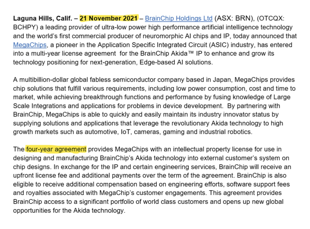 https://www.listcorp.com/asx/brn/brainchip-holdings/news/megachips-license-agreement-2633808.html Hmm, according to the date of the initial announcement, megachips license agreement expires TODAY!!! Will they extend?
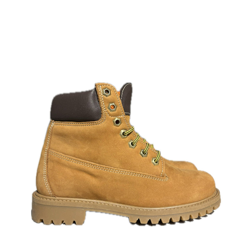 Robusto, versatile e intramontabile: questo anfibio in pelle scamosciata color senape è il compagno ideale per affrontare ogni stagione con stile e funzionalità. Realizzato con materiali di alta qualità, presenta una tomaia in vera pelle scamosciata resistente all'usura, una suola carrarmato in gomma antiscivolo e una comoda imbottitura alla caviglia in tessuto tecnico per un comfort ottimale durante tutto il giorno.
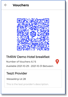 Ezután egy QR kód fog megjelenni a kijelzőjén amit fel kell mutatnia a szolgáltatást nyújtó cég kijelölt emberének (aki regisztrálva lett provider jogosultsággal).
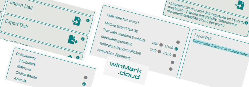 Contestualmente winMark.cloud è in grado di esportare tante altre informazioni. Le anagrafiche dei dipendenti per il riutilizzo in azienda, i movimenti giornalieri con tutti i dettagli di ogni singolo giorno e molto altro. Tutte queste esportazioni sono disponibili in tracciati su file (XLS) per una migliore compatibilità con altri sistemi di importazioni.

_WHAT THIS TASK INVOLVES_:
Copy out the data exactly and keep the pictures out.

_OUTPUT OF THE TASK_:
 https://www.listcorp.com/asx/brn/brainchip-holdings/news/megachips-license-agreement-2633808.html Hmm, according to the date of the initial announcement, megachips license agreement expires TODAY!!! Will they extend?
 Robusto, versatile e intramontabile: questo anfibio in pelle scamosciata color senape è il compagno ideale per affrontare ogni stagione con stile e funzionalità. Realizzato con materiali di alta qualità, presenta una tomaia in vera pelle scamosciata resistente all'usura, una suola carrarmato in gomma antiscivolo e una comoda imbottitura alla caviglia in tessuto tecnico per un comfort ottimale durante tutto il giorno.
 Ezután egy QR kód fog megjelenni a kijelzőjén amit fel kell mutatnia a szolgáltatást nyújtó cég kijelölt emberének (aki regisztrálva lett provider jogosultsággal).
 Contestualmente winMark.cloud è in grado di esportare tante altre informazioni. Le anagrafiche dei dipendenti per il riutilizzo in azienda, i movimenti giornalieri con tutti i dettagli di ogni singolo giorno e molto altro. Tutte queste esportazioni sono disponibili in tracciati su file (XLS) per una migliore compatibilità con altri sistemi di importazioni.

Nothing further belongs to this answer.